For Harrison, we are so thankful he has not been diagnosed. He’s a great student who is considering a profession in medical research – my hope is there won’t be much type 1 diabetes research for him 12 years from now.  His risk of diagnosis is much higher than normal, and for Harrison, and for your children and grandchildren who are not diagnosed, we have hope that you, who are giving tonight, will fund promising prevention therapies and vaccines. 

Cameron has had troubles just within the last couple of weeks with lows.  His bedtime blood sugars were between 30 and 70.  We reminded him how dangerous the lows are (he knows that 20% of type 1 diabetics die from hypoglycemia). He was upset, and said he didn’t want to run high and suffer the consequences of foot amputations, blindness and kidney disease.  That’s a tough conversation to have with a 12-year-old after dinner.  It takes a lot of faith to let him go on overnights and trips without us.  Cameron needs treatment and a cure.

With Davis, I remember clearly, in the hospital, just a day or two out of the ICU when he was receiving new blood tests and new injections, he asked, “Will I get better?”  I fought back the tears.  I had to say, “No, right now there’s no cure, so you won’t get better.’  Davis needs treatment and a cure.   

Charlotte was just diagnosed this past October.  She’s watched her brothers, and she immediately got into the routine. It broke our hearts when she walked in the kitchen and marked off her own space on the white board.  We just got her a pink insulin pump, which she likes.  We were getting up at midnight and 3am to check her blood sugar in order to calibrate the pump.  We are thrilled that now we’re just getting up at midnight.  Charlotte really doesn’t yet understand the long-term impacts of this disease – all she knows is that it really hurts to change her pump set. Charlotte needs treatment and a cure. 

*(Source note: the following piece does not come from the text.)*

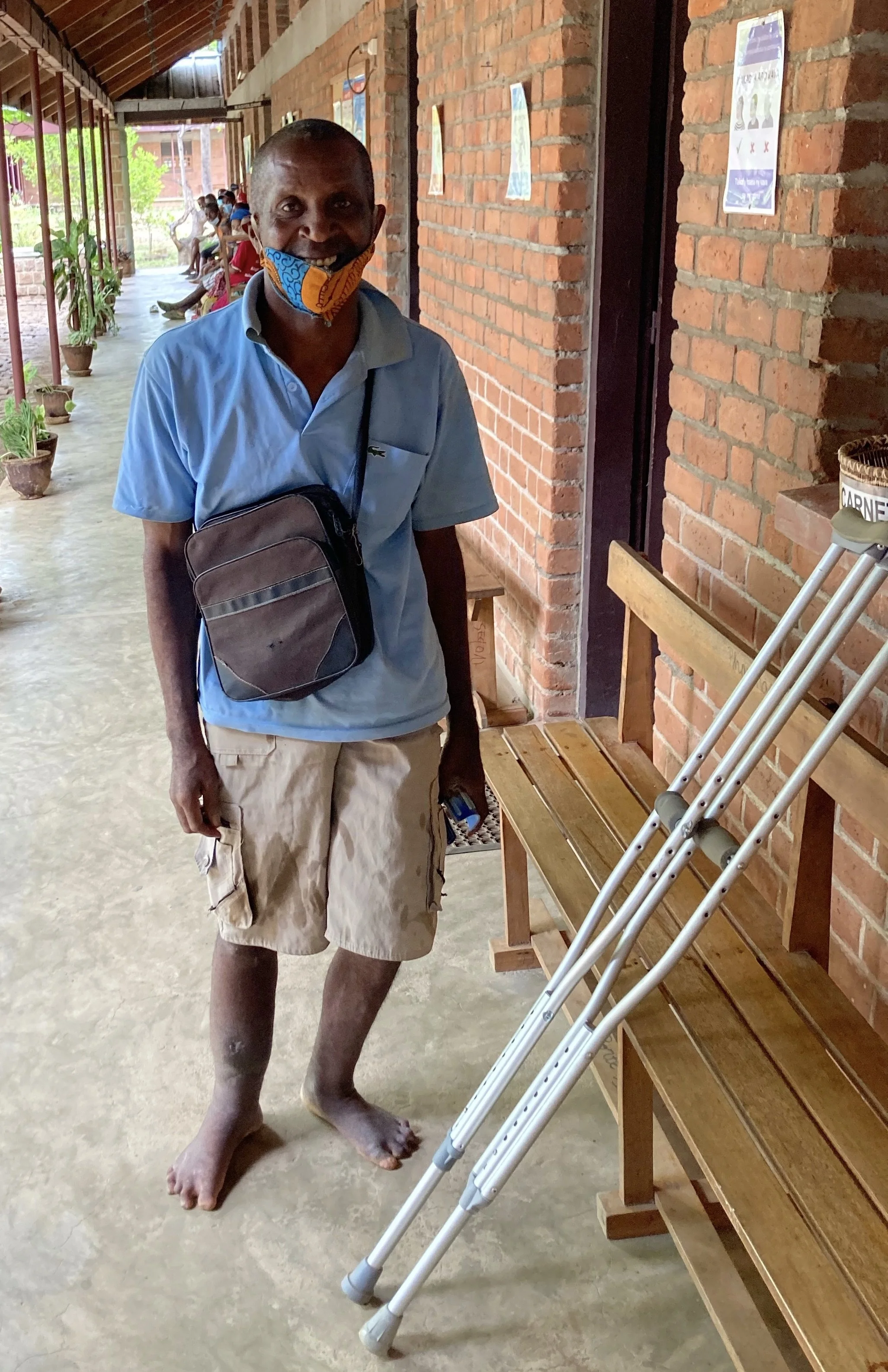 A man who was severely crippled from a broken tibia for 1 year, shows how he can walk without crutches several weeks after undergoing a new operative procedure available at the Good News Hospital

Elise and I want our kids to grow up to be compassionate and to give sacrificially.  Watching adults who think of others before themselves is one of the best ways for them to learn how they should behave as adults.  I am confident this moment is an opportunity for them to see your compassion as you give generously to fund type 1 diabetes research.”

Watching a Fund A Cure speech is watching a family unveil their fears, their hopes, their love for their children and each other.  Bidding began at with a $60,000 commitment.  Other levels were called out – $25,000, $10,000, $5,000, $2,500, $1,000, $500 – with guests raising their bid cards at each level and the auctioneer calling out bid numbers.  As the bid cards became fewer, Harrison Whyte took the mic and thanked the guests for contributing to research to improve the lives of his younger brothers and sisters.  The auctioneer then called for one last level, $100.  Those who could give $100 to cure, treat and prevent type 1 diabetes were asked to raise their bid cards as the Whyte children, who would be directly impacted by the research the dollars would fund, called out the numbers. 

Fund A Cure raised over $100,000 for type 1 diabetes research in a matter of minutes.

Everyone has a story, and the power to tell it, to take action for those we love and who love us.  Better treatments, cures and prevention will come from the efforts of those that don’t sit and wait for it, but tell their story and ask others to take this mission as their own.

Thank you again to Scott, Elise, Harrison, Cameron, Davis and Charlotte and those that donated towards a world free of type 1 diabetes.  We will keep our promise until fulfilled.